* Task data *
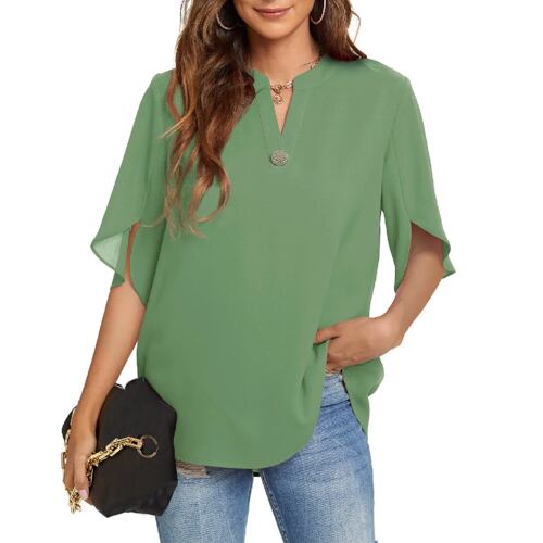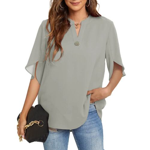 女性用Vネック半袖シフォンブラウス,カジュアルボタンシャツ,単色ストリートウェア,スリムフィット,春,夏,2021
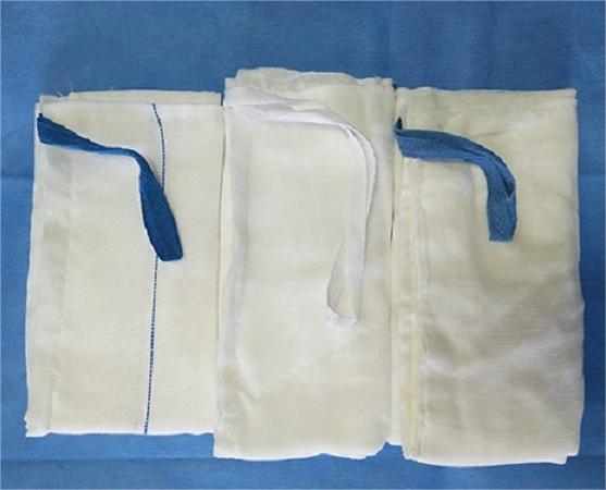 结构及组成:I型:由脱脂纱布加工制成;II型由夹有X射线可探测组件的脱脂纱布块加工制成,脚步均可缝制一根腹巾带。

---

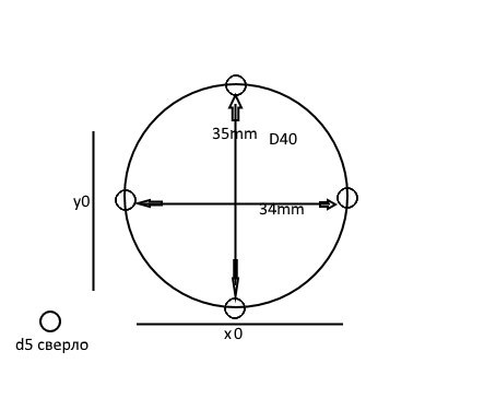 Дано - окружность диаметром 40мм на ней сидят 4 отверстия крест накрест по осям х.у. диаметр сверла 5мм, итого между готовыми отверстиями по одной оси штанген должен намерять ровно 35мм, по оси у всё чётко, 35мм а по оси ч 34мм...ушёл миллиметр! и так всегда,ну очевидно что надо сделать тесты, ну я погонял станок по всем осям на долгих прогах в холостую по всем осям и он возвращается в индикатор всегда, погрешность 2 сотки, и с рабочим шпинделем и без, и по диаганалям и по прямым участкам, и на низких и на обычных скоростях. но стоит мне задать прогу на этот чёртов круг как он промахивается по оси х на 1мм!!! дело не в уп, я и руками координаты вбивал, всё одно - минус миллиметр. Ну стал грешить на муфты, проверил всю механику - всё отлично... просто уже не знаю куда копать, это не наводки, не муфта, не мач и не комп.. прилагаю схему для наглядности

--

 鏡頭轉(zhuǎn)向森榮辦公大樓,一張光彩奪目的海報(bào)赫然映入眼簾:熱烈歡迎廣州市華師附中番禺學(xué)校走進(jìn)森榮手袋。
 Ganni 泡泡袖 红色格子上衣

* Task instructions *
Your answer must be the exact lines from the records above, from the one containing "女性用Vネック半袖シフォンブ" through the one containing "结构及组成:I型:由脱脂纱布", both included, with every picture left out.

* Response area *
 女性用Vネック半袖シフォンブラウス,カジュアルボタンシャツ,単色ストリートウェア,スリムフィット,春,夏,2021
 结构及组成:I型:由脱脂纱布加工制成;II型由夹有X射线可探测组件的脱脂纱布块加工制成,脚步均可缝制一根腹巾带。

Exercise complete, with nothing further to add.